__PROBLEM TO WORK ON__. From the records below, transcribe only the lines running from the one with "定番スタンドデザインのカヴァ" through the one with "欧迪芬 (Ordifen)本命年本命年中国红保暖套装,任选2件【56】". Keep both of those end lines.

__PROVIDED DATA__.
• • • • • • •

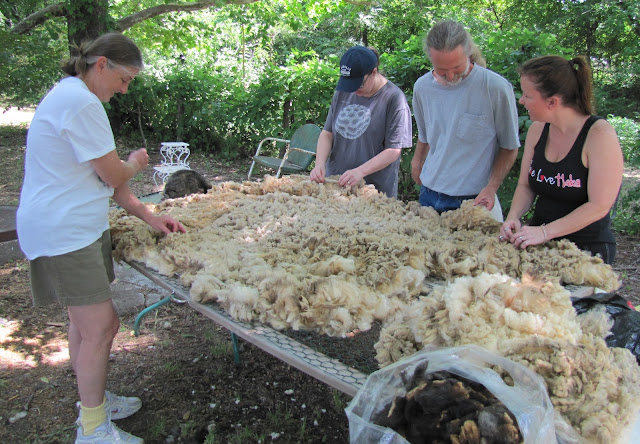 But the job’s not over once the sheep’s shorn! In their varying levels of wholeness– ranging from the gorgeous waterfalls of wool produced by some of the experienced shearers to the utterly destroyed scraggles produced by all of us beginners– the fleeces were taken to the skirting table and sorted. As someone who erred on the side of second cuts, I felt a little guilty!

• • • • • • •

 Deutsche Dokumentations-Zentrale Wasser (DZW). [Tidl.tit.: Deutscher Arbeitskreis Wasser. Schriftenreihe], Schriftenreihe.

• • • • • • •

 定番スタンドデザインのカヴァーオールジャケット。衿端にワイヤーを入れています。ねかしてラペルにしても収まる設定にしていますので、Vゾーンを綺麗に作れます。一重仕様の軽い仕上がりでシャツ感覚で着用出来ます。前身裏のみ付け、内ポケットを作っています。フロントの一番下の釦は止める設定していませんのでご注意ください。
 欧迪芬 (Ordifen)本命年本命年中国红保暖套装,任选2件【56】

• • • • • • •

__TASK RESULT__.
 定番スタンドデザインのカヴァーオールジャケット。衿端にワイヤーを入れています。ねかしてラペルにしても収まる設定にしていますので、Vゾーンを綺麗に作れます。一重仕様の軽い仕上がりでシャツ感覚で着用出来ます。前身裏のみ付け、内ポケットを作っています。フロントの一番下の釦は止める設定していませんのでご注意ください。
 欧迪芬 (Ordifen)本命年本命年中国红保暖套装,任选2件【56】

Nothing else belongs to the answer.